Evidence - Breach of contract

Camertown Timber Merchants Ltd and another v Sidhu and others: Court of Appeal, Civil Division (Lords Justice Ward, Moore-Bick and Rimer): 8 September 2011

The claimants were a qualified structural engineer, B, and a builder's merchant company, CTM, of which B was managing director. The defendants were an unqualified accountant, S, and S's accountancy business, K. K provided accountancy and bookkeeping services to B and CTM. S confided in B his wish to find a suitable property which could be demolished and then re-built as a new family home. B was introduced to a property by a property agent for a finder's fee of £10,000.

B told S that the property was available and suitable for re-development and S purchased it. CTM supplied the materials for the building project which was carried out by workmen who were supplied by B but paid directly by S. Problems arose over payment for the materials. The claimants brought a claim against S claiming £40,892.53 in relation to the supply of building materials and £20,400 in respect of project management fees.

The defence to the claim alleged that the goods were supplied to K and that it was agreed that K would set off the fees owing to it for the accounting services rendered to CTM and others. K issued its own claim against CTM for £25,215.50 accounting fees. In its defence CTM pleaded an agreement to set off the finder's fee. The judge noted the absence of any clear evidence in writing of the agreements between the parties.

He found that he was unable to place great confidence in any of the witnesses and noted that he had had to 'evaluate the probabilities on the basis of much documentary evidence that was capable of more than one interpretation'. CTM was awarded £40,900.53 and B was awarded £4,500. K was awarded £29,022.51, leaving a balance in favour of the claimants of £16,378.02. He concluded that there should be no order as to costs. The claimants appealed.

The principal issue that fell to be determined was whether the judge had failed adequately to try the issues before him. The appeal would be dismissed.

It was recognised that the exigencies of daily court room life were such that reasons for judgment would always be capable of having been better expressed. It was established law that those reasons had to be read on the assumption that, unless he had demonstrated to the contrary, the judge had known how he should perform his functions and which matters he should take into account (see [35] of the judgment).

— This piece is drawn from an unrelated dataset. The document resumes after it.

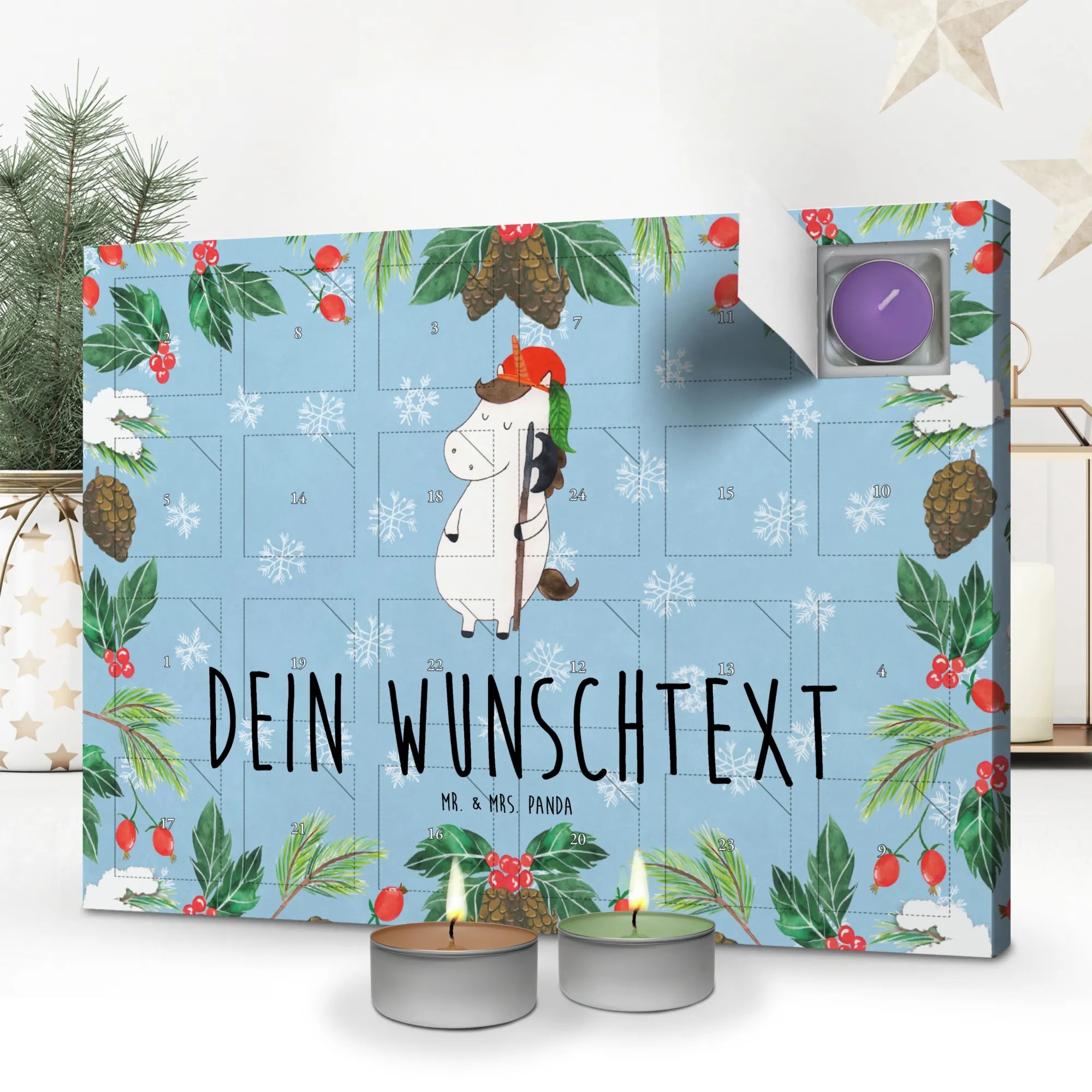 Erlebe Duft und Design: Bestell jetzt den personalisierten Duftkerzen Adventskalender und genieße 24 Tage voller Duftüberraschungen von Mr. & Mrs. Panda.

In the instant case, having come to the conclusion that both parties were unreliable and the documentary evidence equivocal the judge could not be at fault for not condescending into great detail when giving the parties short shrift. Although the substantive judgment could and perhaps should have been more fully expressed, the substance of it was discernible and beyond challenge.

The judgment on costs was equally short and an express reference to conduct as an important factor which the court should consider when deciding what order to make about costs would have been expected. However, an order for costs after such a trial was the paradigm example of the exercise of discretion. The judge had not misdirected himself or, in the exercise of his discretion, exceeded the generous ambit within which there was reasonable room for disagreement (see [13],[36] of the judgment). Piglowska v Piglowski [1999] 3 All ER 632 applied.

Gabriel Buttimore (instructed by Teacher Stern LLP) for the claimants. David Holland QC (instructed by CKFT solicitors) for the defendants.